8 Megapixel Cameras For The Outdoor PhotographerDesigned For Advanced Photographers
Although they include auto-everything modes, these cameras are built for serious shooters. They have full manual operation, as well as aperture- and shutter-priority auto-exposure. Metering choices typically include multi-pattern/evaluative, center-weighted and spot. The cameras' autofocus systems provide selectable focus zones similar to those found on SLRs and D-SLRs.

In spite of their compact proportions, every camera in the group has a 35mm-equivalent focal length range of 28-200mm, either with its built-in lens alone or with no more than one compact auxiliary lens. Each of the cameras has notable macro capability to boot.

Since the zooms are permanently mounted to the cameras, lens quality is all-important. All of the zooms are premium optics with aspherical elements, low-dispersion glass and high-tech coatings. The lenses have as much to do with the outstanding quality of the finished images as the high-resolution sensor does. The lenses in these models are sharp and fast, and give bulkier SLR lenses with comparable focal ranges a run for their money.

RAW Files
Like the D-SLRs, the 8-megapixel compacts offer RAW file capability. RAW files are unique in that they're essentially a digital negative. Little or no in-camera processing is applied as is done to JPEGs and TIFFs, so you're getting the "raw" data from the image sensor.

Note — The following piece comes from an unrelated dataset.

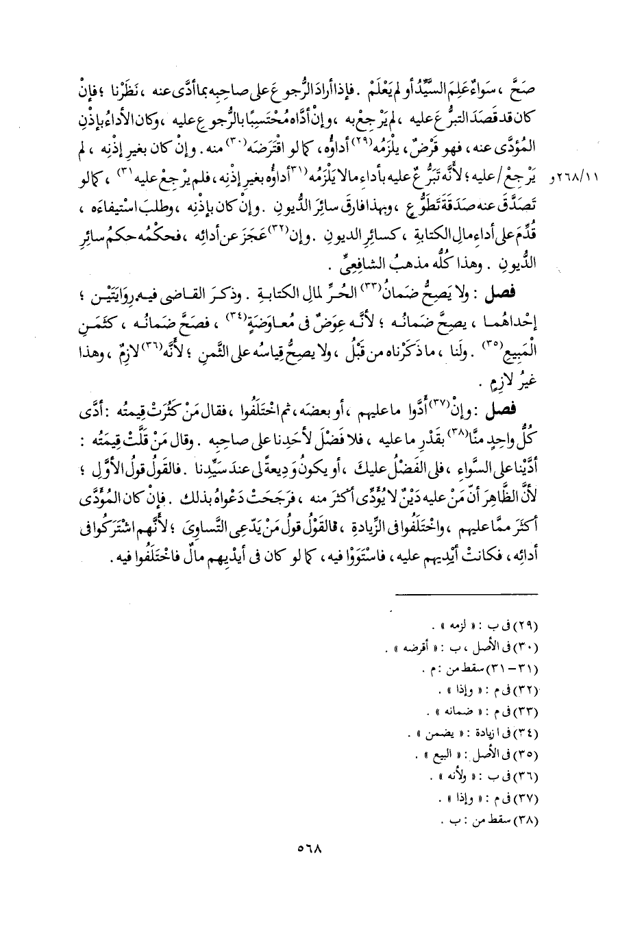 فصل: ولا يَصِحُّ ضَمانُ (٣٣) الحُرِّ لمالِ الكتابةِ. وذكرَ القاضى فيبه رِوَايَتَيْن؛ إحْداهُما، يصِحَّ ضَمانُه؛ لأَنَّه عِوَضٌ فى مُعاوَضَةٍ (٣٤)، فصَحَّ ضَمانُه، كثَمَنِ الْمَبِيعِ (٣٥). ولَنا، ما ذَكَرْناه من قَبْلُ، ولا يصِحُّ قِياسُه على الثَّمنِ؛ لأَنَّه (٣٦) لازِمٌ، وهذا غيرُ لازِمٍ.
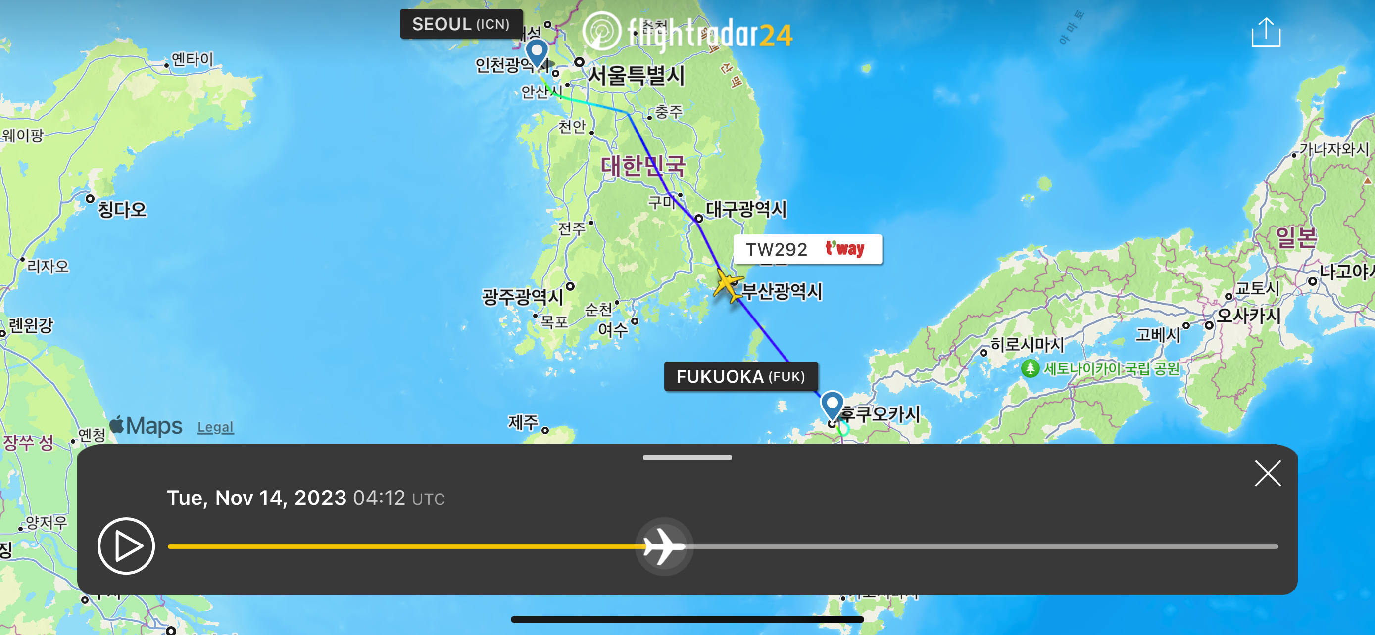 티웨이 TW292편에 올라탑니다.

The advantage to RAW is that you have more control over the final image and can make your own decisions about exposure adjustment, saturation, sharpness and other details rather than letting the camera do the first round of processing for you automatically. RAW files are increasingly popular with photographers because of this additional control, although the trade-off is that you'll spend a lot more time at the computer before you have a usable image.